Distributed Proximal Policy Optimization (DPPO) is a new distributed architecture which has several GPU trainers and CPU samplers. The data sampled from these samplers are stored in Redis, and these trainers are sharing their network parameters by share_memory()

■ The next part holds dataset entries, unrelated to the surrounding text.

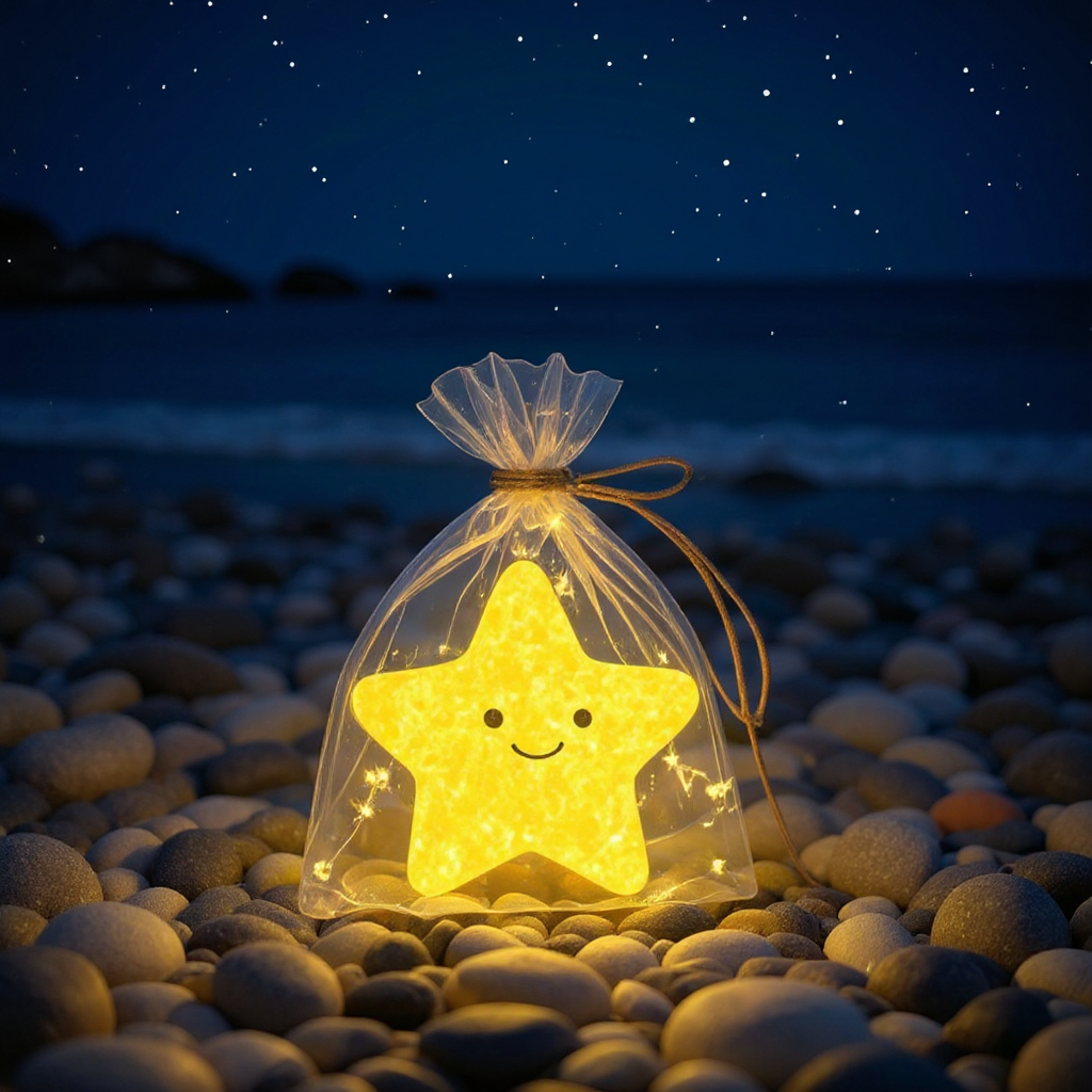 A glowing star-shaped light sits in a bag on smooth pebbles near the ocean at night, creating a serene and enchanting atmosphere.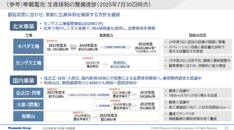 パナソニックエナジーでは、車載電池生産のカンザス工場を、当初計画を前倒しする形で2025年7月から稼働させているが、2026年度末(2027年3月)としていた32GWhでのフル生産への移行時期を未定と発表。「北米EV市場のデマンドが減速することを踏まえたものであり、当初の計画よりは後ろ倒しになる」と述べた。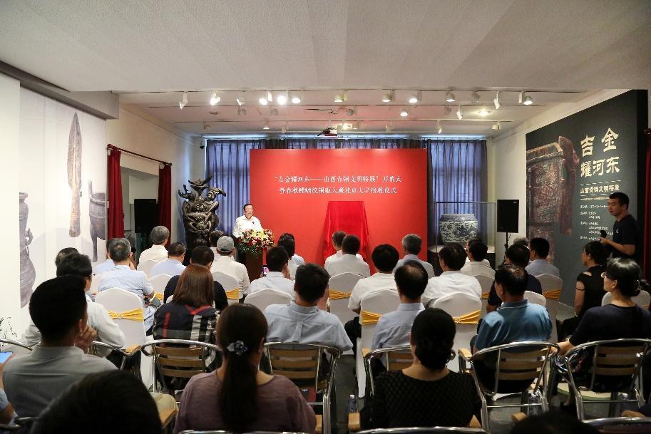 7月8日下午,“吉金耀河东——山西青铜文明特展”开幕式暨春秋蟠螭纹铜甗入藏北京大学接收仪式在赛克勒考古与艺术博物馆大厅举行。北京大学党委书记邱水平,校长郝平,国家文物局副局长关强,山西省副省长张复明,北京大学副校长王博,校长助理、秘书长孙庆伟出席。开幕式由王博主持。

in Pytorch, this method is much faster than local and global memory.
- python == 3.9
- gym==0.24.1
- gym-microrts==0.3.2
- mujoco == 2.2.2
- torch==1.12.0+cu116
- redis==4.3.4
- numba==0.55.2
Install all requirements.
pip install -r requirements.txt
We include two environments (Mujoco and Microrts) and two distributions (normal and beta).
│ README.md
│ requirements.txt
│
├─algo_envs
│ │ algo_base.py
│ │ algo_transformer.py
│ │ ppo_microrts_hogwild.py
│ │ ppo_microrts_share.py
│ │ ppo_microrts_share_gae.py
│ │ ppo_mujoco_beta_hogwild.py
│ │ ppo_mujoco_beta_share.py
│ │ ppo_mujoco_beta_share_gae.py
│ │ ppo_mujoco_normal_hogwild.py
│ │ ppo_mujoco_normal_share.py
│ │ ppo_mujoco_normal_share_gae.py
│ │ __init__.py
│
├─libs
│ config.py
│ log.py
│ redis_cache.py
│ redis_config.py
│ utils.py
│ __init__.py
│
└─train_main_local
board_start.sh
board_stop.sh
checker.py
mps_start.sh
mps_stop.sh
sampler.py
trainer.py
train_main_local.py
train_start.sh
train_stop.sh
You can train them in train_main_local
or their own files.
Train example
python train_main_local/train_main_local.py
Train in their respective files
python algo_envs/ppo_mujoco_normal_share.py
Where to modify our algorithms or network structure
You can design your own reinforcement learning through modifying Calculate
class (e.g., PPOMujocoNormalShareCalculate
), Calculate
class is mainly used to calculate gradient loss and update network parameter.
Also, the network structure could be modified in Net
class (e.g., PPOMujocoNormalShareNet
) which mainly utilized to devise and initialize network structure, output what you want (e.g., state-value of a state, an action you want take and so on).